The phylogenomic reconstruction tree based on 31 highly conserved protein sequences (Figure 3B) from the eight cyanobacteria genomes showed a topology similar that observed in the phylogenetic tree based on 16S rRNA gene sequences (Figure 3C). Furthermore, for the majority of strains, both phylogenetic tree topologies corroborated those observed in the pan-genome tree and dendrogram (Figures 2A, 3C). An exception was found for the Australian strains CS-505 and CS-508, which were grouped together in both the 16S rRNA and phylogenomic tree but were separated in the pan-genome tree and dendrogram.

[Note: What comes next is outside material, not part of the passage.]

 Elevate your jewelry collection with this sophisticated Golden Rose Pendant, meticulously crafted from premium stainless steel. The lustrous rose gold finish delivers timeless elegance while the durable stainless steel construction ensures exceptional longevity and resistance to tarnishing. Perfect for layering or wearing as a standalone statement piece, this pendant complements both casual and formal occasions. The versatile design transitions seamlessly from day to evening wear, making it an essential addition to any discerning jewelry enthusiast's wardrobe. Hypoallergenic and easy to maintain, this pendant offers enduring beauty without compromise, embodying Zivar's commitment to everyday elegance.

Nitrogen Fixation Gene Cluster in Cylindrospermopsis raciborskii
In culture, the C. raciborskii strain CENA303 never showed heterocytes, while the C. raciborskii strain CENA302 always showed differentiated heterocytes. Before genome sequencing of both strains, growth tests were conducted under different nitrogen concentrations in an attempt to induce heterocyte differentiation in the CENA303 strain. Exposure of cells of the C. raciborskii strains CENA303 and CENA302 to various nutritional conditions affected their development in several ways. The lack of a combined nitrogen source prevented the growth of the CENA303 strain, as well as the Jaworski medium with nitrogen. This medium has a low nitrogen concentration, which is likely quickly exhausted in the first cycles of cell growth, inhibiting the development of a non-diazotrophic cyanobacterium. The CENA303 strain did not grow in the absence of combined nitrogen and did not differentiate heterocytes in any tested culture medium (Figure 4). However, the CENA302 strain showed growth in all media and differentiated heterocytes under all conditions, especially in media without combined nitrogen. Both strains showed akinete differentiation in the culture media where they were able to grew.

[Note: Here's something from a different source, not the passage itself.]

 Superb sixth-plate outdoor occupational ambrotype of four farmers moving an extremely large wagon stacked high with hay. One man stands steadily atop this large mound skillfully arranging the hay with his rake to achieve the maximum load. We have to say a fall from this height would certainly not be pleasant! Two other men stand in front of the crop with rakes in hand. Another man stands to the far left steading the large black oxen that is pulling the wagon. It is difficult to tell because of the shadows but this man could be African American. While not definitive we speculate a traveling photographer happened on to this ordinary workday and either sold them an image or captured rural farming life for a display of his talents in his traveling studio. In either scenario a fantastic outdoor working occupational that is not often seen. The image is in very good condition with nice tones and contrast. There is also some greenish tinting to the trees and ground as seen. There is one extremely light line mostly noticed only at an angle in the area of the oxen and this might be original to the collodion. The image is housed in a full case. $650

FIGURE 4. CENA 302 growth in (A) ASM-1, scale bar = 5 μm; (B) ASM-1 without combined nitrogen, scale bar = 10 μm; (C) Jaworski, scale bar = 10 μm; (D) Jaworski without combined nitrogen, scale bar = 5 μm; (E) Z8, scale bar = 10 μm; and (F) Z8 without combined nitrogen, scale bar = 5 μm. CENA303 growth in (G) ASM-1, scale bar = 20 μm; and (H) Z8 medium, scale bar = 10 μm. “a”: akinete; “h”: heterocyte.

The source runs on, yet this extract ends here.